These essays are a very well-drawn, easily read conversation that splits the typically generalized and institutionally sanitized historical spectrum into its most revealing component hues. For example, she speaks matter-of-factly about racial stereotypes born of the nation’s earliest history. Then, Black people were mythologized as incapable of the intellectual prerequisites for foreign language fluency, even as Thomas Jefferson’s mixed-race children spoke fluent French they learned while living and working in France. They had successful, professional careers on both sides of the Atlantic, but that reality has been largely expunged from the cultural capital that is the national, racialized settlement narrative.

 

More ominous is the historical subtext of white men’s territorial property rights over white women, to the ultimate exclusion of Black men under penalty of lynching. The very justice system that decreed emancipation of slaves undermined their entitlement to racial equality time and again: Black men were subject to brutal mob justice and savage death upon allegation of interracial, even consensual sexual relations, while a white man who executed a Black man in the courtroom was set free.

 

There’s much more: the American settlement myth is discernably provincial, as Gordon-Reed points out. Modern-day residents of the northeast barely nod at the Jamestown settlement in Virginia, privileging the Mayflower, Plymouth Rock version with no mention of slavery and a symbiotic fable of indigenous people collaborating with the colonialists who eventually displaced them. Down south, the Jamestown/Williamsburg tableau obscures the slavery that powered the agrarian, for-profit settlement and annexes a historically true interracial indigenous-colonial liaison to conform to the Pocahontas-John Smith Disney script. Both settlement narratives, however, are more fiction than fact.

 

Texas fared no better, with slavery assured by Mexican, Spanish, and native Texan constitutional authority, depending on which flag flew over the state. In all cases, as a means of undergirding an agrarian economy, slavery enforced an ironclad racism that excluded Black slaves and indigenous people from any rights or return on their vital, forced labor.

 

Gordon-Reed offers an intimate, first-person perspective that gives authentic context to late twentieth-century racial conventions as she experienced them. She herself was transferred by her parents from a Black to a predominantly white elementary school and encountered backlash from other Black children for being “that girl,” and felt the “oddity of being on display.” She even found herself at odds with her white friends who, to her dismay, believed they shouldn’t play in a teacher’s view, even in their own neighborhood, because they needed to feign more dedication to their homework.

 

After desegregation, her mother, a respected and accomplished teacher at the Black high school, was transferred to a teaching position in a white high school where she was respected and made many friends with her colleagues.
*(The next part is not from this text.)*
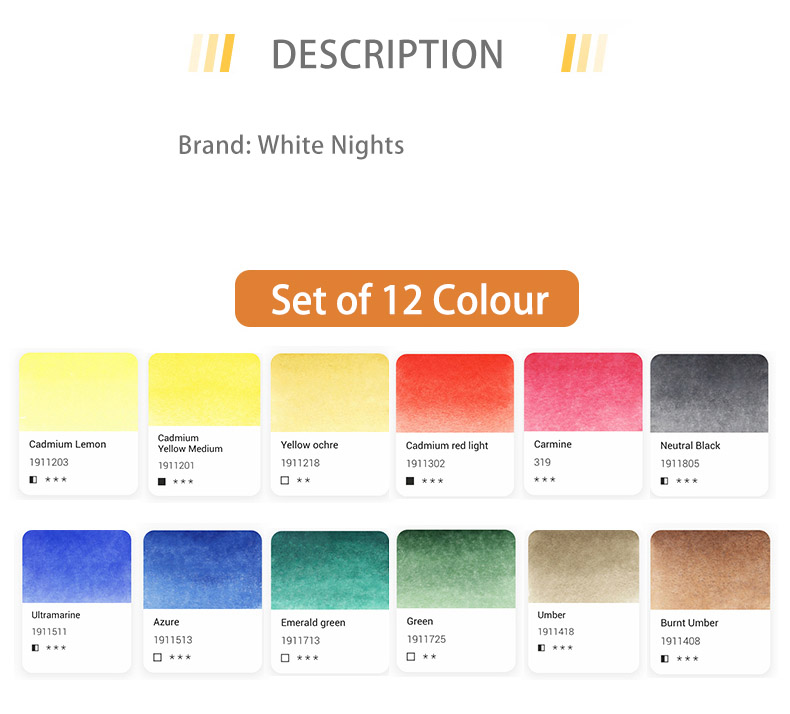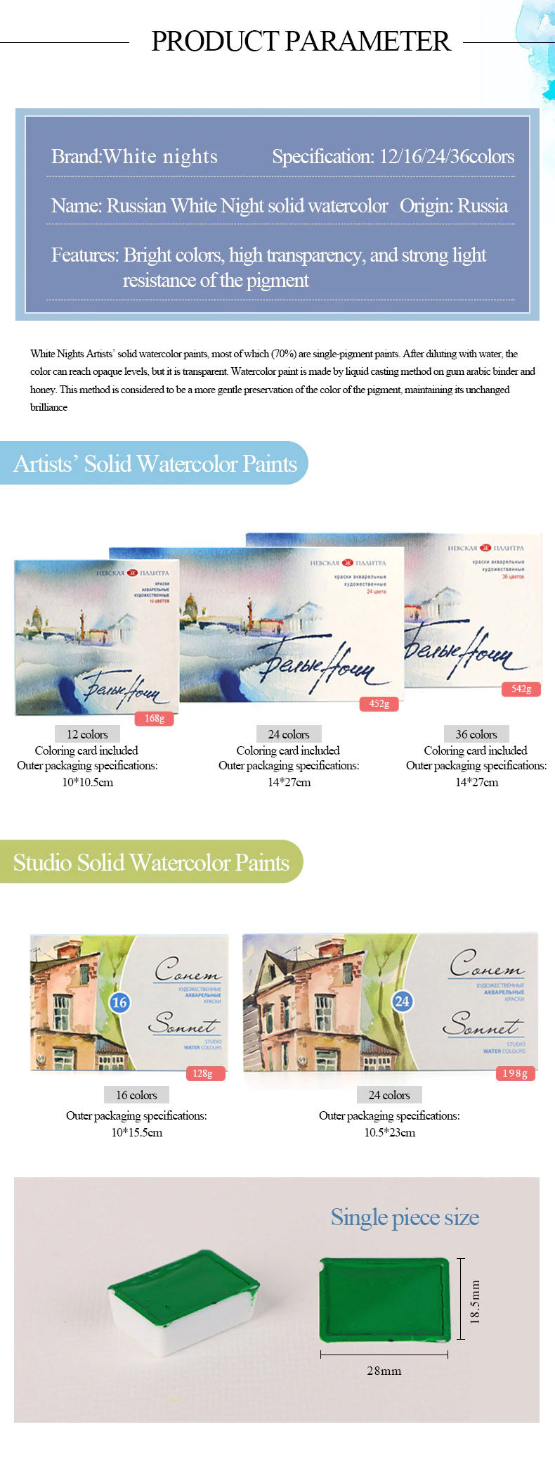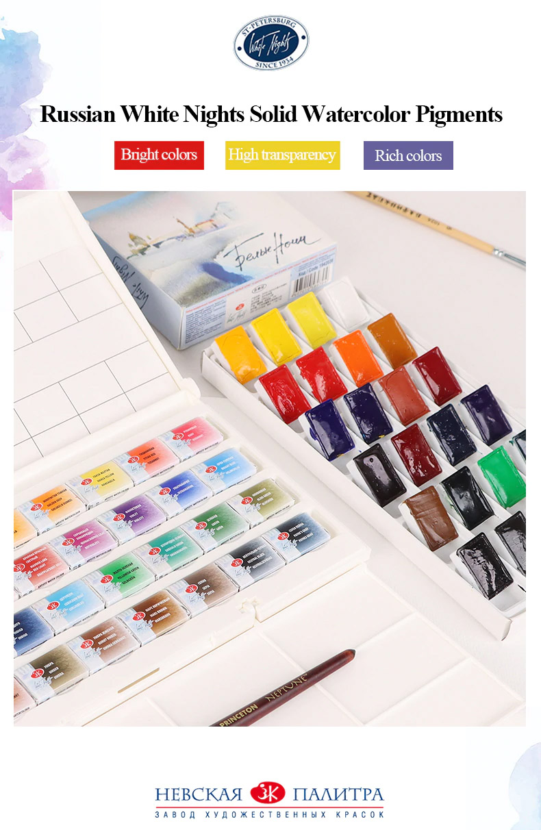 Russian White Nights Solid Watercolor Paints Conem Sonnet Student/Artist Grade 12/16/24/36 Colors Painting Water Color Pigments HEBCKAЯ . ПАЛHTРА ЗАвод худоЖЕСТВЕННЫХ КРАСОК

Nonetheless, the paradoxical and very real loss was that her life’s mission—moving the Black community forward—no longer existed in the same way in that integrated context. Teaching Black students in an integrated school, she lamented, “I just can’t talk to them the way we used to.”

 

There’s an eye-opening discussion of racial stereotypes in entertainment media, and Gordon-Reed contextualizes the reality of the cinematic hero-trope of Billy Jack: interracial, neither Black nor white, partially Native American and a Marine. Beyond the typical white hero profile, the Billy Jack character, she says with devastating accuracy, gave people “permission to envision themselves as a non-White person.”

 

The book is not long—less than two hundred pages, in fact. Nonetheless, this collection of vignettes strikes an engaging, truthful balance between criticism and aspiration, flaws and strengths, myth and reality. They demand to be reread, reconsidered, and contextualized, overlaid even, on the traditional notions of our state and our nation. This is important, and truly, I believe this is the most significant book I’ll read this year.

Texas native Annette Gordon-Reed is the Carl M. Loeb University Professor at Harvard University. The author of Pulitzer Prize–winning The Hemingses of Monticello, she lives in New York and Cambridge.